▸ **Your goal**
Look through the entries below and copy exactly the part that begins with the line containing "facilitar la orientación." and ends with the line containing "The visual appearances". Do not copy the pictures.

▸ **Data for the task**
______________________________
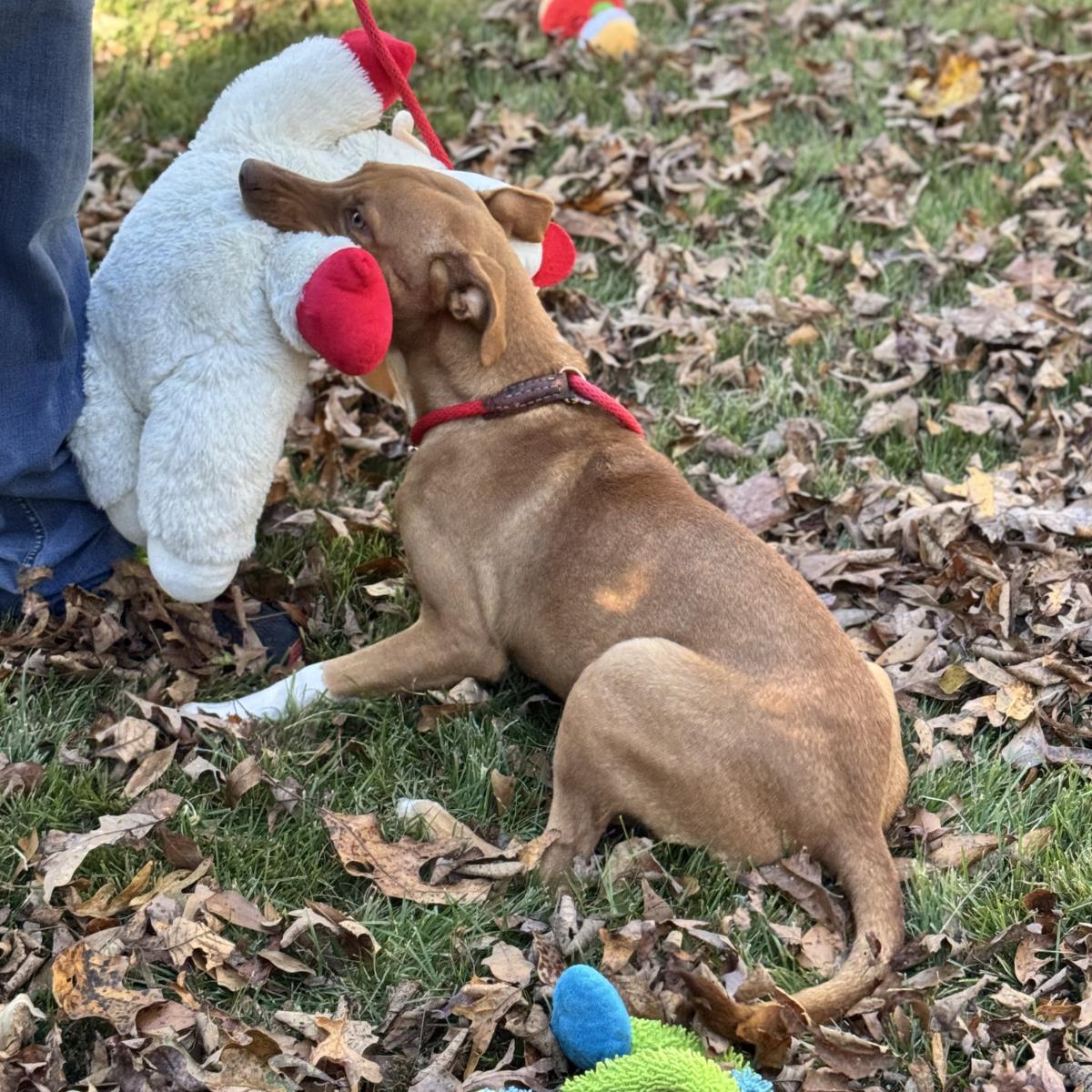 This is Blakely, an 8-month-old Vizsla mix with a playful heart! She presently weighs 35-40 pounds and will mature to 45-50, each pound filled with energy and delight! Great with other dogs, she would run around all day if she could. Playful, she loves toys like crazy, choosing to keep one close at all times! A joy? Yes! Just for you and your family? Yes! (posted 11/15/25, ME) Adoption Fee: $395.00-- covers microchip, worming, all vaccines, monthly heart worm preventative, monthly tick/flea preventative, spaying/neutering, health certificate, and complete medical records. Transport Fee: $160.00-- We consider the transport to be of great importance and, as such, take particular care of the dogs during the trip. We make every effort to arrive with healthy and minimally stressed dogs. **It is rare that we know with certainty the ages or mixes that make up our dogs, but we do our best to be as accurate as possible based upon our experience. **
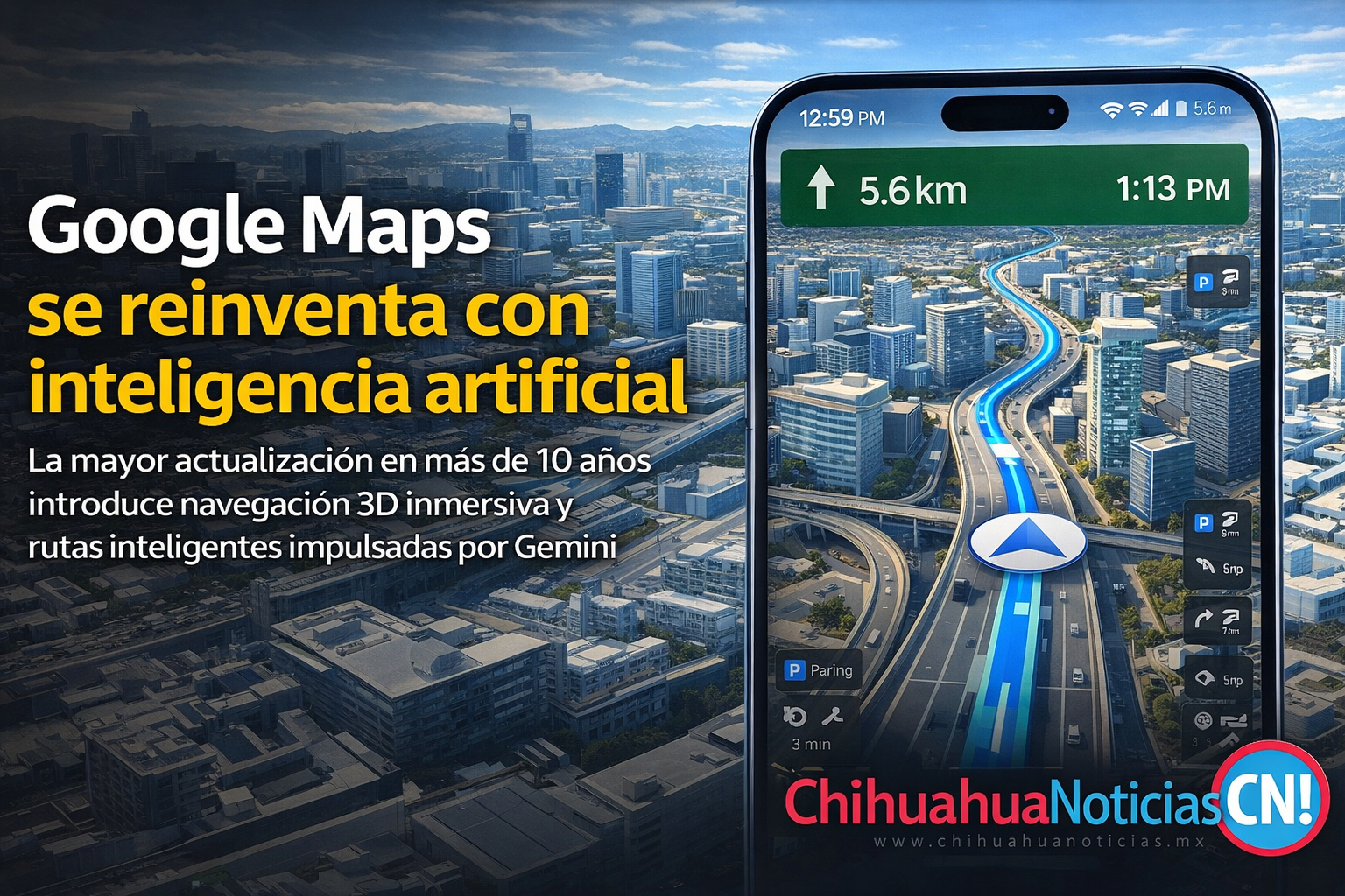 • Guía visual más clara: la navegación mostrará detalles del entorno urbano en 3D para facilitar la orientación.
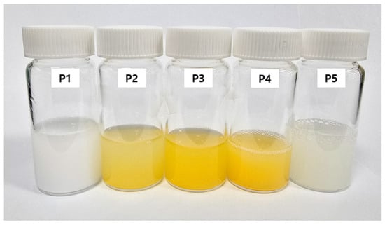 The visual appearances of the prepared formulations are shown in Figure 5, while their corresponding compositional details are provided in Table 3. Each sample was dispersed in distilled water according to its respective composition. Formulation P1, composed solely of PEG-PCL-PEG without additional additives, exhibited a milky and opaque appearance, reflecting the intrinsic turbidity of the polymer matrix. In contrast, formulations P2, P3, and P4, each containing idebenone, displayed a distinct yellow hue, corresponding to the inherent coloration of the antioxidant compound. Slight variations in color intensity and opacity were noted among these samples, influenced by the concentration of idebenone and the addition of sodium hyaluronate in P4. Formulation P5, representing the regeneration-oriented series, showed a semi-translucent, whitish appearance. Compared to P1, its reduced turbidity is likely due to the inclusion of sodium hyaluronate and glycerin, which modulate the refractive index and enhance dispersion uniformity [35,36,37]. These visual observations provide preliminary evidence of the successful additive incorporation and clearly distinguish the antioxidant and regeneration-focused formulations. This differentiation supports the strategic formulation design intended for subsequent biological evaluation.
______________________________
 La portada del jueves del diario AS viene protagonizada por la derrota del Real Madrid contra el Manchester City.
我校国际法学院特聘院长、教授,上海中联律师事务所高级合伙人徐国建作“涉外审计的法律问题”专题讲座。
______________________________
▸ **Your response**
 • Guía visual más clara: la navegación mostrará detalles del entorno urbano en 3D para facilitar la orientación.
 The visual appearances of the prepared formulations are shown in Figure 5, while their corresponding compositional details are provided in Table 3. Each sample was dispersed in distilled water according to its respective composition. Formulation P1, composed solely of PEG-PCL-PEG without additional additives, exhibited a milky and opaque appearance, reflecting the intrinsic turbidity of the polymer matrix. In contrast, formulations P2, P3, and P4, each containing idebenone, displayed a distinct yellow hue, corresponding to the inherent coloration of the antioxidant compound. Slight variations in color intensity and opacity were noted among these samples, influenced by the concentration of idebenone and the addition of sodium hyaluronate in P4. Formulation P5, representing the regeneration-oriented series, showed a semi-translucent, whitish appearance. Compared to P1, its reduced turbidity is likely due to the inclusion of sodium hyaluronate and glycerin, which modulate the refractive index and enhance dispersion uniformity [35,36,37]. These visual observations provide preliminary evidence of the successful additive incorporation and clearly distinguish the antioxidant and regeneration-focused formulations. This differentiation supports the strategic formulation design intended for subsequent biological evaluation.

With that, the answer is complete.